YOUR ASSIGNMENT »
Note the line containing "925 пробы С-4039-Р-Ча"; from it through the last line below, give only those lines again, exactly, both ends included, skipping pictures.

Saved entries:
%%
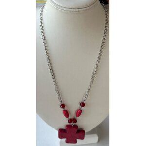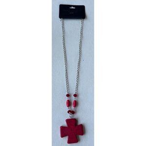 Superstar Accessories Fashion Jewelry Red Beaded Necklace w/Cross (NEW)
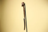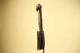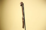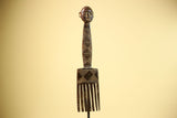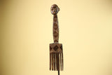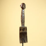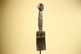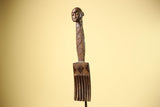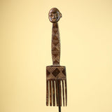 This African carved wood statue comb features geometric patterns and a sculpted head detail. The statue piece measures 35.2 cm × 7.6 cm × 4 cm (13.8" × 3" × 1.5"). A vintage statue with natural wear that adds character. Hand-carved with bold tribal design, it represents traditional West African artistry. Ideal as a statue display piece for collectors or décor. Stand not included.
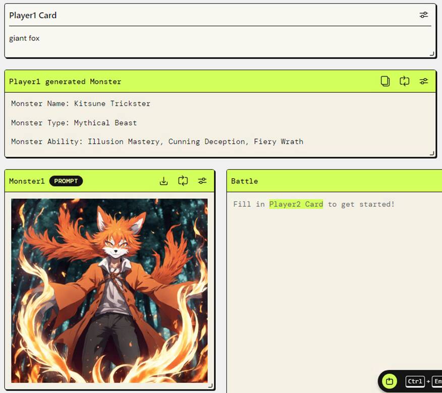 最後にバトルフェーズでは、2人のプレイヤーがモンスターカードとサポートカードを駆使してバトルをするのですが、勝敗がつかずに終了してしまうケースが多発しました。そこで、プロンプトに「必ず決着はつく」という文言を追加しましたが、それでも決着がつかないケースがは解決されませんでした。そこで、実況者が実況しているという前提条件から着想し、「必ず決着はつく」の他に「あなたは必ず勝者を称えなくてはならない」と更なる決着に関わる文言をプロンプトに追加しました。その結果、毎回バトルの決着がつくようになりました。
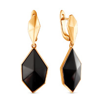 — Серьги из серебра с чёрным агатом родированные 925 пробы С-4039-Р-Ча
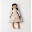 She has embroidered features and long, wool yarn hair. Each Mary doll is dressed in the same outfit - a removable beige dress and Marian blue veil along with a small tote bag.
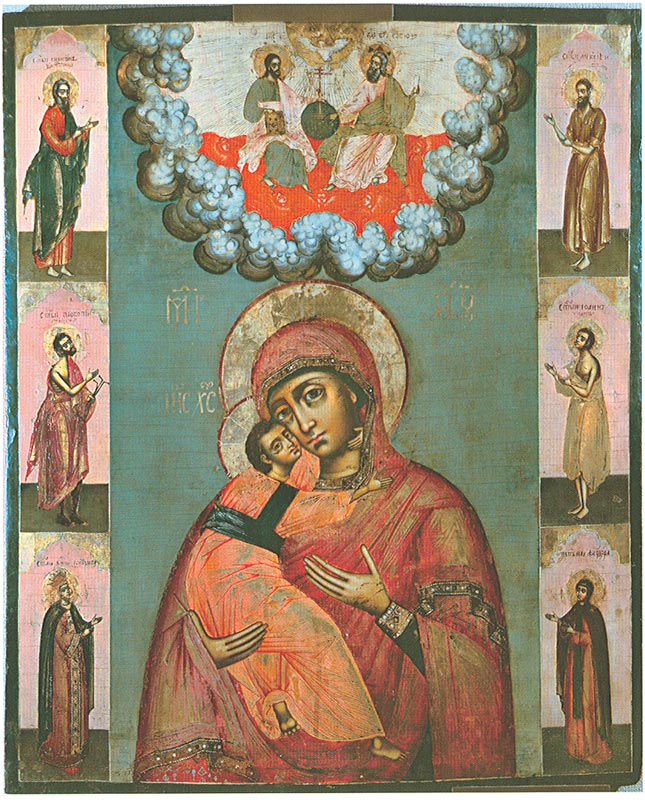 Великоустюжский мастер Борис Деомидов в 1707 году написал икону «Богоматерь Владимирская с избранными святыми» (илл. 114). Икона создана по «обещанию Соли Вычегодской жителю Семену Григорьеву сыну Телятеву». В среднике на зеленом фоне помещен образ Богоматери Владимирской и Новозаветной Троицы в облачной полусфере. На полях иконы узкими полосами располагаются розовые клейма с избранными святыми в молитвенных позах. Это Симеон Богоприимец, Алексий человек Божий, Прокопий и Иоанн Устюжские, великомученица Екатерина и преподобная Феодора. Зеленый фон и тщательная светотеневая моделировка ликов свидетельствуют о том, что мастер следовал манере иконописцев Оружейной палаты, хотя сами фигуры святых решены в более плоскостной манере.
%%
WORKED SOLUTION »
 — Серьги из серебра с чёрным агатом родированные 925 пробы С-4039-Р-Ча
 She has embroidered features and long, wool yarn hair. Each Mary doll is dressed in the same outfit - a removable beige dress and Marian blue veil along with a small tote bag.
 Великоустюжский мастер Борис Деомидов в 1707 году написал икону «Богоматерь Владимирская с избранными святыми» (илл. 114). Икона создана по «обещанию Соли Вычегодской жителю Семену Григорьеву сыну Телятеву». В среднике на зеленом фоне помещен образ Богоматери Владимирской и Новозаветной Троицы в облачной полусфере. На полях иконы узкими полосами располагаются розовые клейма с избранными святыми в молитвенных позах. Это Симеон Богоприимец, Алексий человек Божий, Прокопий и Иоанн Устюжские, великомученица Екатерина и преподобная Феодора. Зеленый фон и тщательная светотеневая моделировка ликов свидетельствуют о том, что мастер следовал манере иконописцев Оружейной палаты, хотя сами фигуры святых решены в более плоскостной манере.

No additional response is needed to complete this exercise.